Deputy Premier of Quebec
- In office October 18, 2018 – September 10, 2025
- Premier: François Legault
- Preceded by: Dominique Anglade
- Succeeded by: Ian Lafrenière (2026)

Quebec Minister of Minister of Municipal Affairs
- In office September 10, 2025 – April 21, 2026
- Preceded by: Andrée Laforest
- Succeeded by: Samuel Poulin

Quebec Minister of Transport
- In office October 20, 2022 – September 10, 2025
- Preceded by: François Bonnardel
- Succeeded by: Jonatan Julien

Quebec Minister of Public Security
- In office October 18, 2018 – October 20, 2022
- Preceded by: Martin Coiteux
- Succeeded by: François Bonnardel

Member of the National Assembly of Quebec for Louis-Hébert
- In office October 2, 2017 – August 27, 2026
- Preceded by: Sam Hamad

Personal details
- Born: November 4, 1982 (age 43) Greenfield Park, Quebec, Canada
- Party: Coalition Avenir Québec
- Other political affiliations: Quebec Liberal Party (until 2006)
- Alma mater: Université Laval
- Profession: Communications Officer, Political Advisor

= Geneviève Guilbault =

Canadian politician (born 1982)

Geneviève Guilbault (/fr/; born November 4, 1982) is a Canadian politician who served as deputy premier of Quebec from 2018 to 2025. A member of the Coalition Avenir Québec, she was elected to the National Assembly of Quebec in a by-election held in the electoral district Louis-Hébert in 2017. She served in the Legault ministry from 2018 to 2026, holding numerous positions.
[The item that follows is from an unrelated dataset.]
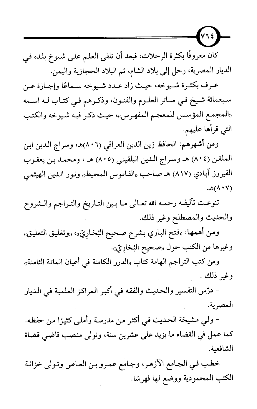 ومن أشهرهم: الحافظ زين الدين العراقي (806) هـ، وسراج الدين ابن الملقن (804) هـ وسراج الدين البلقيني (805) هـ، ومحمد بن يعقوب الفيروز آبادي (817) هـ صاحب «القاموس المحيط» ونور الدين الهيثمي (807) هـ.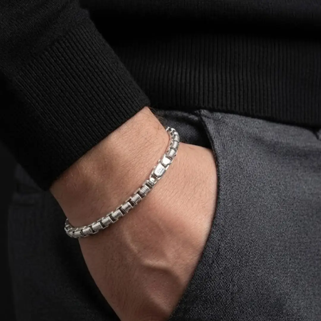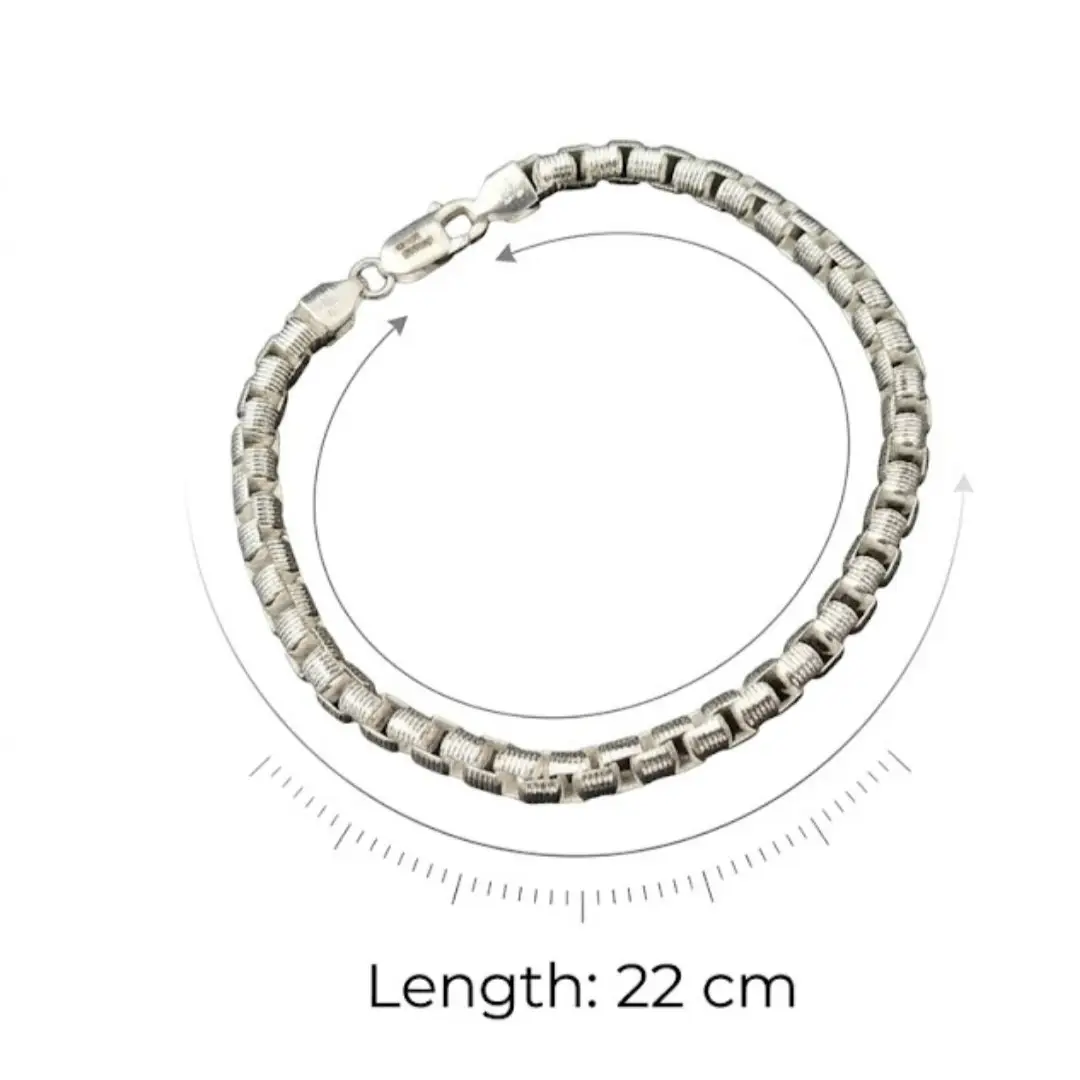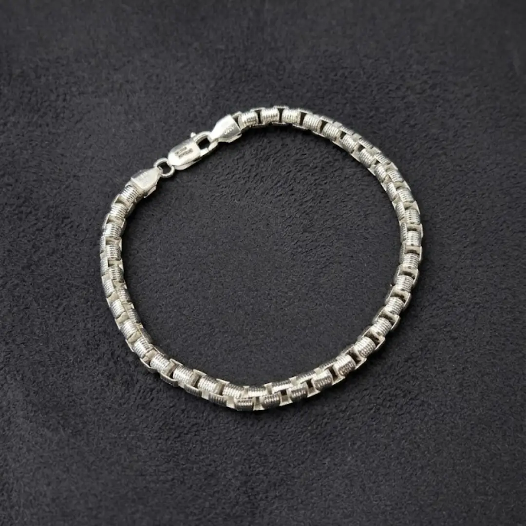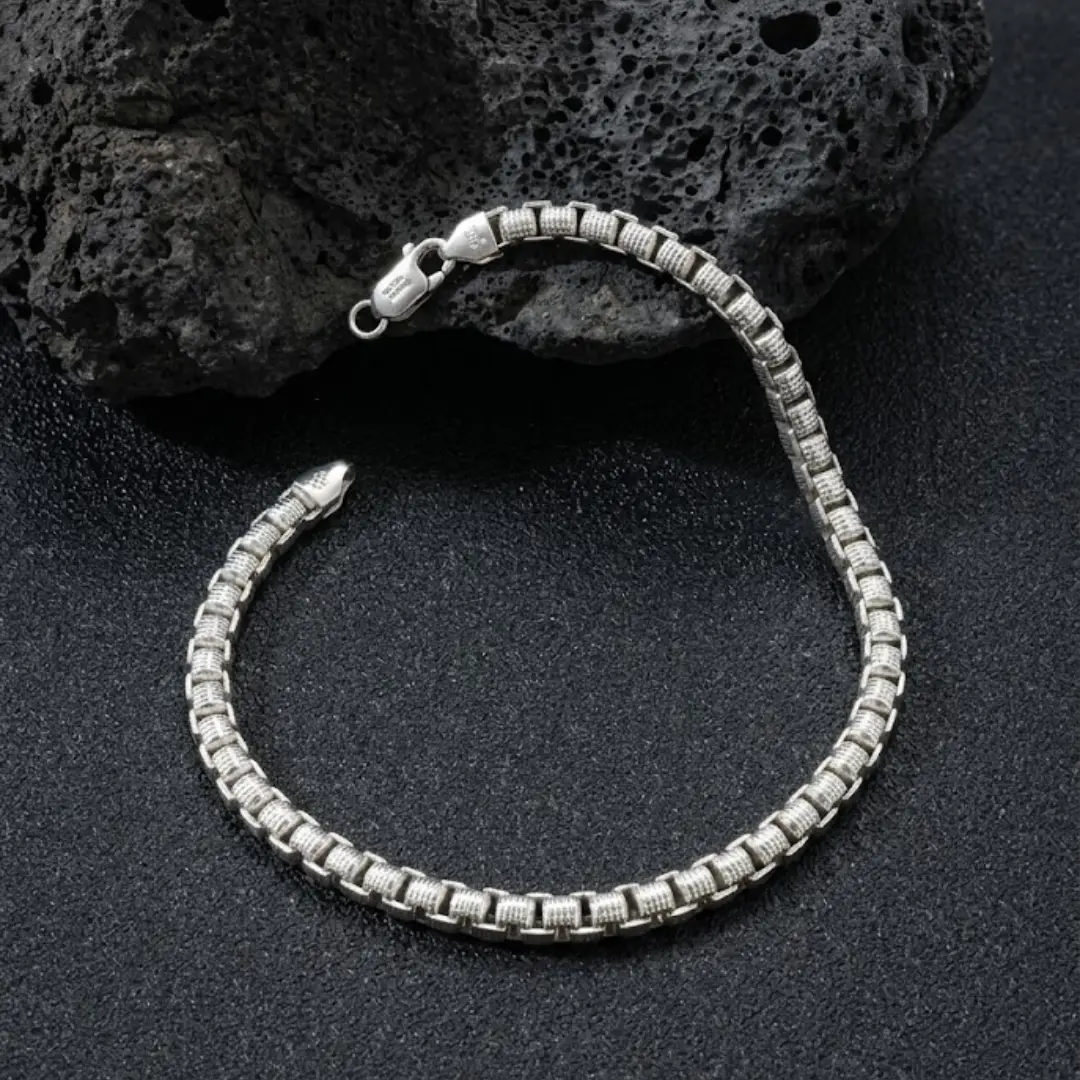 Step into the spotlight with our latest 925 Silver Men’s Bracelet. This piece showcases a contemporary Textured Box Link (Cube Link) design that perfectly balances modern industrial style with classic elegance. Each link is meticulously crafted from high-grade 925 sterling silver, featuring a unique micro-textured surface that catches the light from every angle.

On October 18, 2018, she was appointed Deputy Premier and Minister of Public Safety.

==Life and career==
Guilbault studied public communication at Université Laval, where she obtained a bachelor's degree in 2006 and a master's degree in 2011.

From 2006 to 2008, she was assistant press secretary to Jacques Dupuis, a Quebec cabinet minister. She then worked with the Secrétariat du Conseil du trésor and the Quebec Ministry of Public Security. She was previously a member of the Quebec Liberal Party.

Before her election to the legislature, she also worked as a communications officer for the provincial coroner's office.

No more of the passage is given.